## YOUR ASSIGNMENT
Each line below from the "I Love my papa, ΣΕΤ" line through the "Dieses Design am" line, those two included, must be restated word for word; the pictures must not be.

## MATERIAL FOR THIS TASK

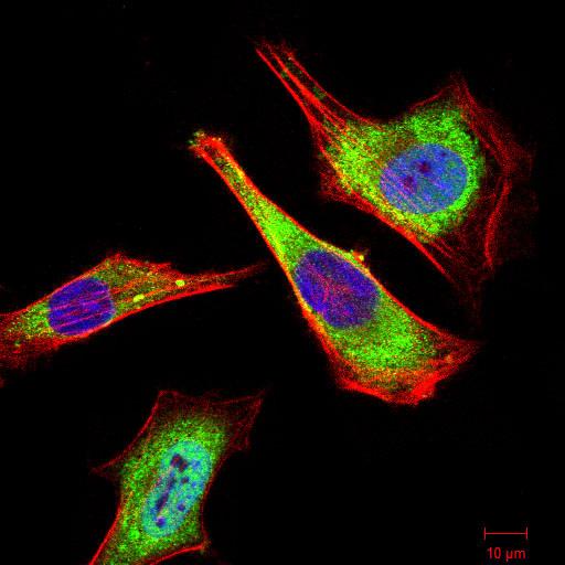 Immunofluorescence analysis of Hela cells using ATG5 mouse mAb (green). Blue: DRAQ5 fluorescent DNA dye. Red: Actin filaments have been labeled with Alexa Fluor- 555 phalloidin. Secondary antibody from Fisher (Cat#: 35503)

---

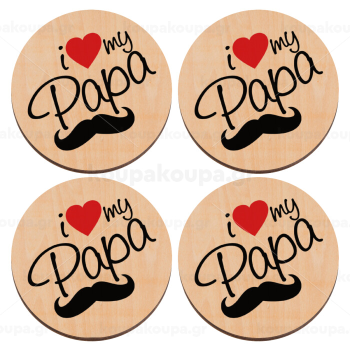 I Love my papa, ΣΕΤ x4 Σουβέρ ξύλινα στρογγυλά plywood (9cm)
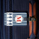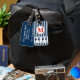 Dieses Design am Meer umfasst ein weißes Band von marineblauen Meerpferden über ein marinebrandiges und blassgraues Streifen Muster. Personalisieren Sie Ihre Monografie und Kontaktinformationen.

## FINISHED TASK
 I Love my papa, ΣΕΤ x4 Σουβέρ ξύλινα στρογγυλά plywood (9cm)
 Dieses Design am Meer umfasst ein weißes Band von marineblauen Meerpferden über ein marinebrandiges und blassgraues Streifen Muster. Personalisieren Sie Ihre Monografie und Kontaktinformationen.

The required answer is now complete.